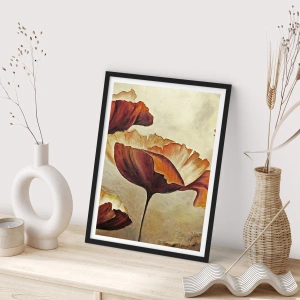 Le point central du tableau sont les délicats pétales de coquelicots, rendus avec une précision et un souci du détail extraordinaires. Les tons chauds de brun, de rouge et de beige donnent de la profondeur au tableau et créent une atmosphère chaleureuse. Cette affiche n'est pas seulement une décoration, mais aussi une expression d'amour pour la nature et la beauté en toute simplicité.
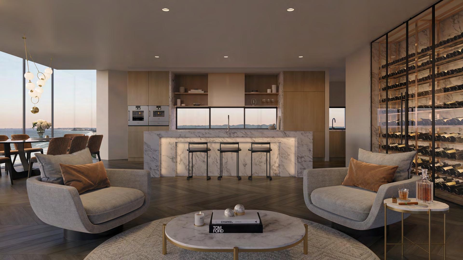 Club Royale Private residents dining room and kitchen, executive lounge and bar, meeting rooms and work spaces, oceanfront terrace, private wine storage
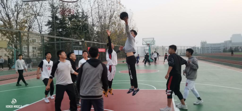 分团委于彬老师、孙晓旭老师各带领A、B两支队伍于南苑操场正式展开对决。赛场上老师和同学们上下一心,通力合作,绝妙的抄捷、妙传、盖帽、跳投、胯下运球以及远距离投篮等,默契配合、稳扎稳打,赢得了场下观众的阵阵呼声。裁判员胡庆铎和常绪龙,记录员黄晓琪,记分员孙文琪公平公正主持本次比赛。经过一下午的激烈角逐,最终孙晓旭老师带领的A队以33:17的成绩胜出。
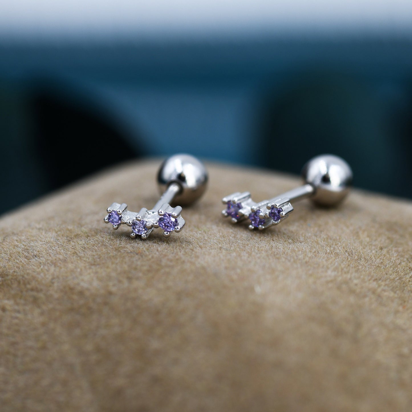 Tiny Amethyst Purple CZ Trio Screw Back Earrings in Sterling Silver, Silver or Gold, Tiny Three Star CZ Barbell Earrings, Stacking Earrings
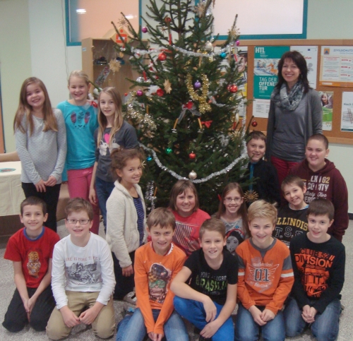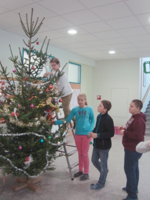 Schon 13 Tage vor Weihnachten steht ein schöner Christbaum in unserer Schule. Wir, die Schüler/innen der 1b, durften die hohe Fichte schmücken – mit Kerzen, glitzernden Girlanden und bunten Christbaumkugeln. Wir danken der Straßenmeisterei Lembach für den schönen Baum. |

■ PROBLEM TO WORK ON ■
The result should be the full set of entries above, restated exactly and without images.

■ ANSWER SECTION ■
 Le point central du tableau sont les délicats pétales de coquelicots, rendus avec une précision et un souci du détail extraordinaires. Les tons chauds de brun, de rouge et de beige donnent de la profondeur au tableau et créent une atmosphère chaleureuse. Cette affiche n'est pas seulement une décoration, mais aussi une expression d'amour pour la nature et la beauté en toute simplicité.
 Club Royale Private residents dining room and kitchen, executive lounge and bar, meeting rooms and work spaces, oceanfront terrace, private wine storage
 分团委于彬老师、孙晓旭老师各带领A、B两支队伍于南苑操场正式展开对决。赛场上老师和同学们上下一心,通力合作,绝妙的抄捷、妙传、盖帽、跳投、胯下运球以及远距离投篮等,默契配合、稳扎稳打,赢得了场下观众的阵阵呼声。裁判员胡庆铎和常绪龙,记录员黄晓琪,记分员孙文琪公平公正主持本次比赛。经过一下午的激烈角逐,最终孙晓旭老师带领的A队以33:17的成绩胜出。
 Tiny Amethyst Purple CZ Trio Screw Back Earrings in Sterling Silver, Silver or Gold, Tiny Three Star CZ Barbell Earrings, Stacking Earrings
 Schon 13 Tage vor Weihnachten steht ein schöner Christbaum in unserer Schule. Wir, die Schüler/innen der 1b, durften die hohe Fichte schmücken – mit Kerzen, glitzernden Girlanden und bunten Christbaumkugeln. Wir danken der Straßenmeisterei Lembach für den schönen Baum. |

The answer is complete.